When a good apple goes bad

The Red Delicious wasn't always reviled. When the variety rose to prominence in the late 19th and early 20th centuries, it was valued for its aroma and sweetness. Over time, however, the apple market transitioned from regional fruits, with heirloom varieties grown for seasonal, local markets, to national commodities bred for durability, long-storage potential and transportability. Red Delicious apples cooperated better than more obscure, funky varieties.

Pomologically, the apple mutates easily, producing deeper red "sports" that breeders repeatedly selected for visual appeal. Thicker skins reduce bruising, and lower acidity allowed the fruit to taste mild even after months in cold storage, which is where apples live, sometime for months, between harvest and consumption, like a high-tech cellar, allowing them to be sold year-round. In other words, these apples were bred to be bad. They are a system artifact, optimized by a food system that values shippable consistency and shelf life over gustatory delectability or real-recipe kitchen performance. Red Delicious could survive long supply chains and aesthetically dominated supermarket displays, becoming synonymous with apples themselves, even as they eroded culinary usefulness. 

This botanical and marketing evolution flattened public expectations of what an apple should be. As shipping and cold storage technologies improved in the mid-20th century, people moved away from eating apples off the old tree in the back yard, or from their local farmer, and toward shelf-stable, overly waxed, homogenous fruits. Red Delicious became the default reference point. The more ephemeral qualities that once defined apples, their sharpness, fragrance, even their very imperfections, fell out of the mainstream desirability. Supermarket experiences and branding trained shoppers and eaters to equate redness with ripeness, and uniformity with quality. Apples that bruised easily, or ripened unevenly, or tasted tartly assertive, were gradually sidelined.

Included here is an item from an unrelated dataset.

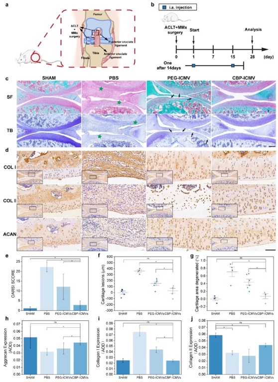 6. CBP-ICMVs负载KGN和TGF-β3减轻大鼠ACLT+DMM模型的软骨退化及治疗OA的能力:建立大鼠ACLT+DMM手术模型,通过组织学染色(HE、番红O、甲苯胺蓝)、免疫组织化学染色(Col I、Col II、Aggrecan)、OARSI评分等方法,研究CBP-ICMVs对早期OA的治疗效果。结果表明,与PEG-ICMVs组相比,CBP-ICMVs组的软骨损伤明显改善,软骨表面更光滑,Col II和Aggrecan的表达增加,OARSI评分更低,有效减轻了软骨退化,促进了OA的治疗。
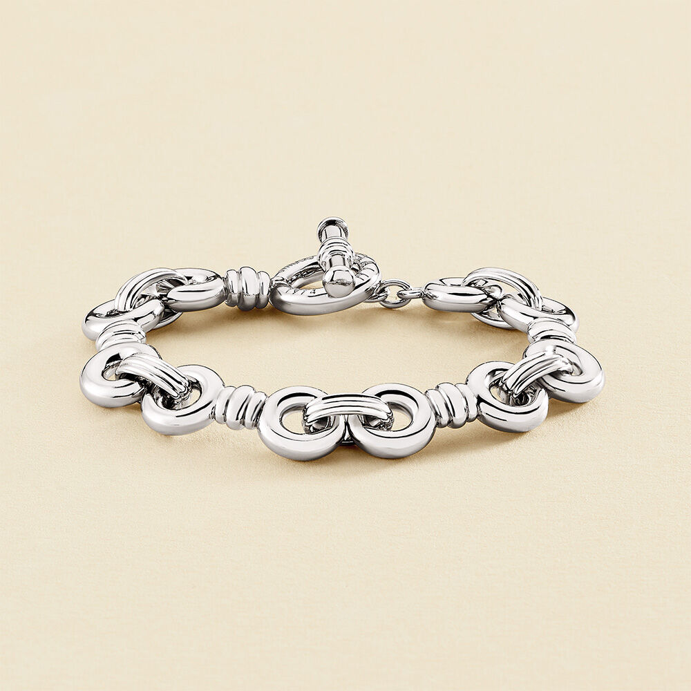 Bracelet, en laiton rhodié, sections d'anneaux articulées, fermoir barette emblématique.

The apple that lost its bite

The decline of Red Delicious in the kitchen mirrors its broader trajectory in American agriculture. At its peak in the 1980s, it dominated commercial orchards; in the big apple state of Washington, where 60% of the nations apples are grown, it once accounted for an incredible three quarters of the harvest. As consumer tastes shifted and better-tasting varieties gained ground, the Red Delicious lost its cultural authority. Once considered the king of American apples, reigning for over fifty years, so highly prized for its conical shape and distinctively stackable coke-bottle bottom, it's now relegated to the butt of jokes, wrapped in plastic at the continental breakfast spread of a highway hotel, and generally considered a bottom-tier facsimile of an important national symbol and commodity crop.

If you had a disappointing, mealy experience with a bad, boring apple in the past, consider reconsidering the fruit. Finding the one you like best is a joyful undertaking that requires the sampling an actually delicious cornucopia. For bakers who want predictable, toothsome results, just pick a different kind of apple, and there's a lot of good ones to choose from. George shares that her "go-to recommendations for baking with apples are Golden Delicious, Granny Smith, and Honeycrisp. Each has a different level of acidity and a slightly different texture once baked, but all have given me consistently delicious apple pies." 

These varieties work so well in pies because they haven't had their personalities bred out. Their firm flesh holds up, and their acidity acts as scaffolding, keeping flavors vivid as the water content cooks away and the sugars intensify. Baking magnifies an apple's inherent traits instead of disguising them, which is why varieties optimized for storage, transport, and visual uniformity tend to fall apart once exposed to sustained heat.